Some of the tropical birds in the John Leigh Park aviary

Along came John Leigh, an industrialist who made his money dealing with cotton waste.

Leslie said: “I get the feeling that Leigh was quietly watching all of this going on and finally thought that enough is enough. Let’s just buy the land and donate it and put an end to the controversy.” 

John Leigh, who later became Sir John Leigh because of his donations to the war effort, appeared to be a vastly different man from the Earl of Stamford. Instead of buying the land and hoping to gain from it, he wanted it to become a space where soldiers from war, as well as members of the public, could come and relax. 

Sir John Leigh named the park after his father, John Leigh senior, and also donated a state-of-the-art hospital which stood next to the park, the John Leigh Military Hospital, so enabling returning soldiers to recuperate. 

The playground at John Leigh park

Leslie’s impression was that the Countess of Stamford was embarrassed that Leigh had swept in and acted so respectably. 

In a letter to the council, she said that it had always been the intention of the Earl to donate the land and that they were waiting for their son to turn 21 so that it could be a gift from him.

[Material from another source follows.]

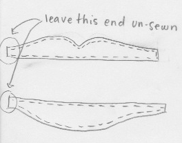 Good sides together, sew around the edges of the lip shapes, leaving one end open so the unit can be turned right-side-out.

In response, the Stamford estate donated some other land nearby to be developed into working men’s housing in the early 1920s: the Oldfield Brow estate. 

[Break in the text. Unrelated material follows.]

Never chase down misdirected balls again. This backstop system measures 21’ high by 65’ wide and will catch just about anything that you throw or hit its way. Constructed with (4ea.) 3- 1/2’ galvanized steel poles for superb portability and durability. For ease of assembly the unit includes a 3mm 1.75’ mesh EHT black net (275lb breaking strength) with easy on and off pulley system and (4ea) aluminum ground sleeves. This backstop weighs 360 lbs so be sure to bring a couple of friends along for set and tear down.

From her research, she believes that Sir John Leigh was a very “altruistic” man and that “his heart was in the right place”. 

“He only lived locally for about 10 years. He gave up his position in John Leigh Ltd. in 1920 to pursue a career in politics. It seems like he was interested in his fellow man and was always trying to do his best to help.”

Spring blossom at the park

Along with the donations from Sir John Leigh in 1917, he also turned his father’s former home in Sale into John Leigh War Memorial Hospital, specifically for men suffering from shell shock – one of the first few places where it was genuinely considered a condition. 

The aims of the park were as similar then as they are now. He made the park a haven for the broken soldiers a century ago but he was also keen for it to be a gift to the people of Altrincham. 

Leslie added: “I don’t think he could have imagined how important it would have been for society today. We spend so much time rushing around and to have this sanctuary, this peaceful retreat. I think it’s what we need in this busy world.”